Using the listing below, set down each line from the line containing "Frets levelled and" through the line containing "13.8m x 8.8m", both ends included, exactly and with nothing added.
── Provided entries
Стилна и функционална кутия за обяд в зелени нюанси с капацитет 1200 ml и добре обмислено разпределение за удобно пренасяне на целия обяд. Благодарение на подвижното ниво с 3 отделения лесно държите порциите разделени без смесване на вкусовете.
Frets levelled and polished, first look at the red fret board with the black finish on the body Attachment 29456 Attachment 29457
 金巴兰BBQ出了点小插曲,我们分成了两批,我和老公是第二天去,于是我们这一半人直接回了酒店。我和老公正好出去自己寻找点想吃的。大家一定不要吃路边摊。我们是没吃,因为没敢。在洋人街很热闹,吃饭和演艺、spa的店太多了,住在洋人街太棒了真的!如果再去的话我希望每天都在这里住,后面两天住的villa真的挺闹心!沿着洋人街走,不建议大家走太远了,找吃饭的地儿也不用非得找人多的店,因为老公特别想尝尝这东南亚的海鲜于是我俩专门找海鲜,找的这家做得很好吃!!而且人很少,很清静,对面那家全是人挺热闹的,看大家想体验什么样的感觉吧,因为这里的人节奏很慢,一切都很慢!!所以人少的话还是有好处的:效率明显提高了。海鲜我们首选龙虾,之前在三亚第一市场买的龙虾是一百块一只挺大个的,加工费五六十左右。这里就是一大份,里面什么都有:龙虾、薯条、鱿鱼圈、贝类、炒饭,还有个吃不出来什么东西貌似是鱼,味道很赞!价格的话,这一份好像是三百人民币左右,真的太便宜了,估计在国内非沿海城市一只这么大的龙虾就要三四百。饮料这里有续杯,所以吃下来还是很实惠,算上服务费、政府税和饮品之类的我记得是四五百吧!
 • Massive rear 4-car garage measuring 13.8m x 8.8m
────
── Provided entries
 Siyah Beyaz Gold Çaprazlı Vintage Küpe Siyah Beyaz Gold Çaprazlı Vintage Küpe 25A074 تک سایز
────
── Provided entries
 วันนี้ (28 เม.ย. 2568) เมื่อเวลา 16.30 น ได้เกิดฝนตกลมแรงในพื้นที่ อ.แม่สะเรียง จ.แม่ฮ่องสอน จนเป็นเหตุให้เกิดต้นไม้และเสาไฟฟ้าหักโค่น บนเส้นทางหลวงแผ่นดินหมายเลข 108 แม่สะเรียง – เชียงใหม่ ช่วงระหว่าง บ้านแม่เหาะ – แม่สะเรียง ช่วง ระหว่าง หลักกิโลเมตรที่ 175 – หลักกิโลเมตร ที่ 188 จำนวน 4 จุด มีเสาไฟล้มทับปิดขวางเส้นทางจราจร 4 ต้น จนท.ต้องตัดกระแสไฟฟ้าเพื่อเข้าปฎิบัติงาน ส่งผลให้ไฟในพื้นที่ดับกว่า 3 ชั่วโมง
────
• **Answer section**
Frets levelled and polished, first look at the red fret board with the black finish on the body Attachment 29456 Attachment 29457
 金巴兰BBQ出了点小插曲,我们分成了两批,我和老公是第二天去,于是我们这一半人直接回了酒店。我和老公正好出去自己寻找点想吃的。大家一定不要吃路边摊。我们是没吃,因为没敢。在洋人街很热闹,吃饭和演艺、spa的店太多了,住在洋人街太棒了真的!如果再去的话我希望每天都在这里住,后面两天住的villa真的挺闹心!沿着洋人街走,不建议大家走太远了,找吃饭的地儿也不用非得找人多的店,因为老公特别想尝尝这东南亚的海鲜于是我俩专门找海鲜,找的这家做得很好吃!!而且人很少,很清静,对面那家全是人挺热闹的,看大家想体验什么样的感觉吧,因为这里的人节奏很慢,一切都很慢!!所以人少的话还是有好处的:效率明显提高了。海鲜我们首选龙虾,之前在三亚第一市场买的龙虾是一百块一只挺大个的,加工费五六十左右。这里就是一大份,里面什么都有:龙虾、薯条、鱿鱼圈、贝类、炒饭,还有个吃不出来什么东西貌似是鱼,味道很赞!价格的话,这一份好像是三百人民币左右,真的太便宜了,估计在国内非沿海城市一只这么大的龙虾就要三四百。饮料这里有续杯,所以吃下来还是很实惠,算上服务费、政府税和饮品之类的我记得是四五百吧!
 • Massive rear 4-car garage measuring 13.8m x 8.8m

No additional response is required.